● DATASET EXCERPT:
▽
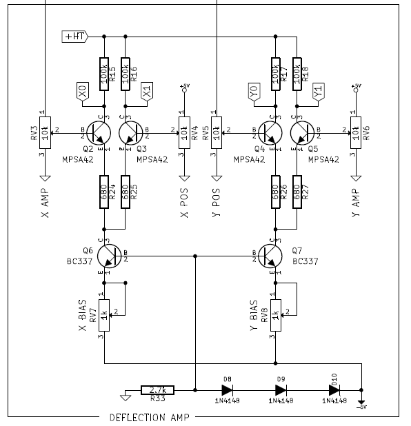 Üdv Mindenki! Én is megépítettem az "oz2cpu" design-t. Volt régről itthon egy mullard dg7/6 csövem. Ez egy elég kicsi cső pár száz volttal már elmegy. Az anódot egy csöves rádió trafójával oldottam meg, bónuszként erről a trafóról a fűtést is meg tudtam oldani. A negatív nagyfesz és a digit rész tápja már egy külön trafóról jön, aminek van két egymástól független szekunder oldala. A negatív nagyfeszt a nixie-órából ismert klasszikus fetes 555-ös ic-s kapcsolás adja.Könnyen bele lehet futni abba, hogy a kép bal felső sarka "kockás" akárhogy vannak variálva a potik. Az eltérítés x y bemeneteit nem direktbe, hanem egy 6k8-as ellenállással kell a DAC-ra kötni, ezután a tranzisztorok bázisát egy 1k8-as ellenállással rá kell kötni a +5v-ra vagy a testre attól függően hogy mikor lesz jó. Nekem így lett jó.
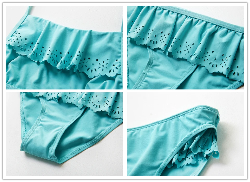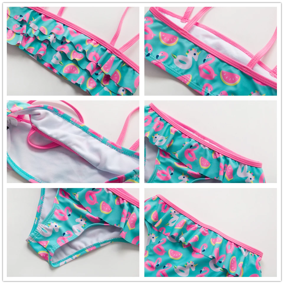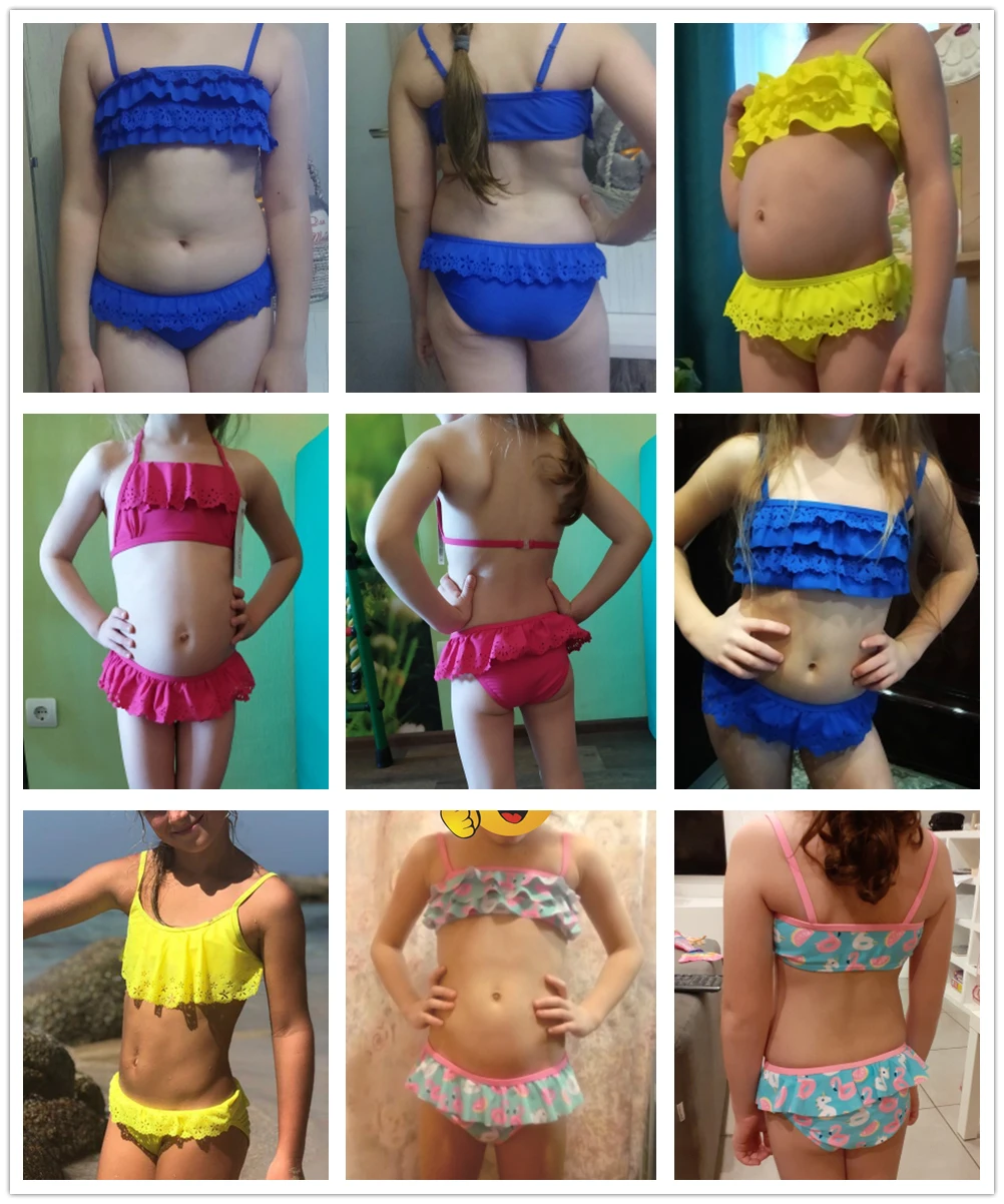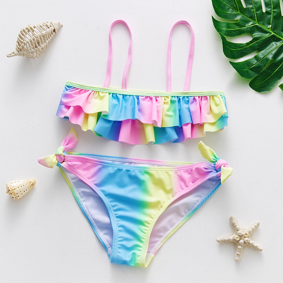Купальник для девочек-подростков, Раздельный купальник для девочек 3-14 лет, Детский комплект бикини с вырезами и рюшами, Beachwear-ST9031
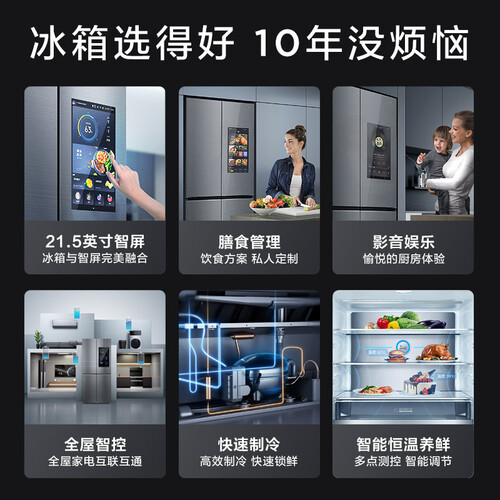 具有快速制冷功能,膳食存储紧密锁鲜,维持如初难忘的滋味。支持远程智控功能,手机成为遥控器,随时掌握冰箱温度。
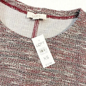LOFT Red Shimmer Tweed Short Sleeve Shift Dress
△
Set down, word for word, the full listing above, and carry over no pictures.

 Üdv Mindenki! Én is megépítettem az "oz2cpu" design-t. Volt régről itthon egy mullard dg7/6 csövem. Ez egy elég kicsi cső pár száz volttal már elmegy. Az anódot egy csöves rádió trafójával oldottam meg, bónuszként erről a trafóról a fűtést is meg tudtam oldani. A negatív nagyfesz és a digit rész tápja már egy külön trafóról jön, aminek van két egymástól független szekunder oldala. A negatív nagyfeszt a nixie-órából ismert klasszikus fetes 555-ös ic-s kapcsolás adja.Könnyen bele lehet futni abba, hogy a kép bal felső sarka "kockás" akárhogy vannak variálva a potik. Az eltérítés x y bemeneteit nem direktbe, hanem egy 6k8-as ellenállással kell a DAC-ra kötni, ezután a tranzisztorok bázisát egy 1k8-as ellenállással rá kell kötni a +5v-ra vagy a testre attól függően hogy mikor lesz jó. Nekem így lett jó.
Купальник для девочек-подростков, Раздельный купальник для девочек 3-14 лет, Детский комплект бикини с вырезами и рюшами, Beachwear-ST9031
 具有快速制冷功能,膳食存储紧密锁鲜,维持如初难忘的滋味。支持远程智控功能,手机成为遥控器,随时掌握冰箱温度。
LOFT Red Shimmer Tweed Short Sleeve Shift Dress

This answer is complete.